The Managing Director of the International Monetary Fund (IMF), Kristalina Georgieva, has warned that African countries are among the hardest hit by the economic consequences of the ongoing conflict in the Middle East, as rising fuel prices continue to strain economies across the continent.
According to Georgieva, although the global economy has shown resilience despite the conflict, many developing countries, particularly in Africa, are struggling with the fallout from surging energy costs.
“The global economy appears to be holding up, but this overall resilience masks significant disparities,” she said.
The IMF chief explained that oil prices have increased by approximately 30 percent since the conflict began, creating fresh inflationary pressures and putting additional strain on government finances in countries that rely heavily on imported fuel.
She noted that many African nations have limited fiscal space to cushion the impact of rising energy costs, making them especially vulnerable to external shocks.

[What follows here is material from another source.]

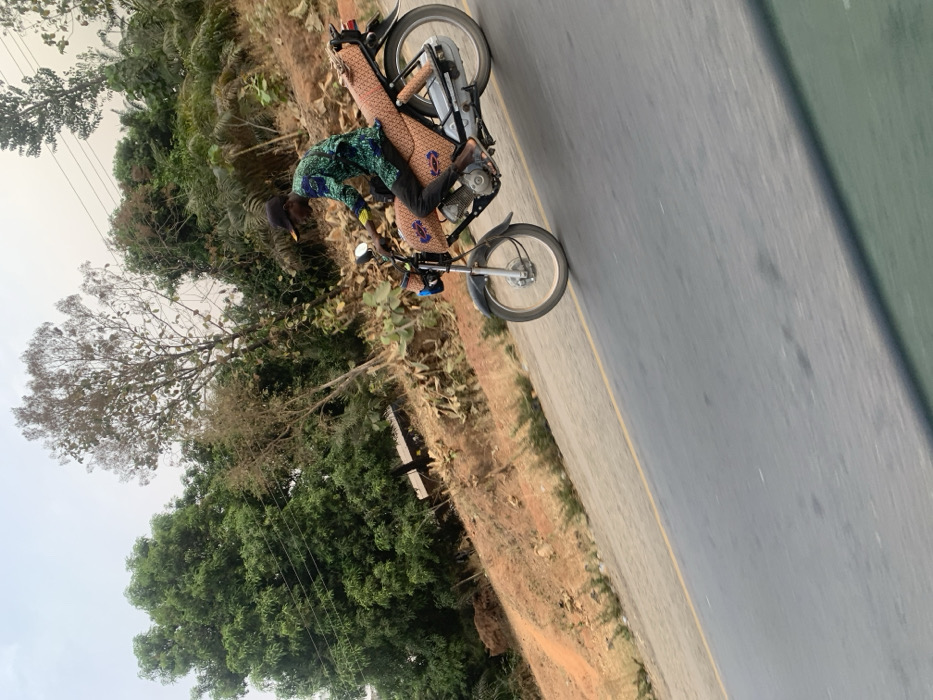 A man rides a motorcycle on a paved road. The motorcycle has a patterned seat cover. The man wears a hat, long-sleeved patterned shirt, and dark pants. Vegetation including trees and bushes line the roadside. The sky appears overcast.

“The strain is especially visible in Africa,” Georgieva stated.
According to her, countries such as Ethiopia, Malawi and Zambia have already experienced fuel shortages, while several others have seen significant increases in fuel prices, adding pressure on households and businesses.
The IMF boss also cautioned that the impact extends beyond the energy sector. Rising fuel costs are driving up the prices of fertilisers and food, raising concerns about food security in many low-income countries.
She warned that prolonged disruptions could make it difficult for farmers to access affordable agricultural inputs, potentially reducing crop production and worsening inflation.
Georgieva, however, noted that financial markets have remained relatively stable despite the uncertainty. She added that investments in technology sectors, particularly artificial intelligence and data centres, continue to support growth in some advanced economies.
She urged policymakers around the world to remain flexible and proactive in responding to evolving economic risks while protecting vulnerable populations from the effects of rising prices.
Georgieva further assured that the IMF remains committed to supporting affected countries through financial assistance, policy guidance and capacity-building programmes aimed at strengthening economic resilience in the face of global challenges.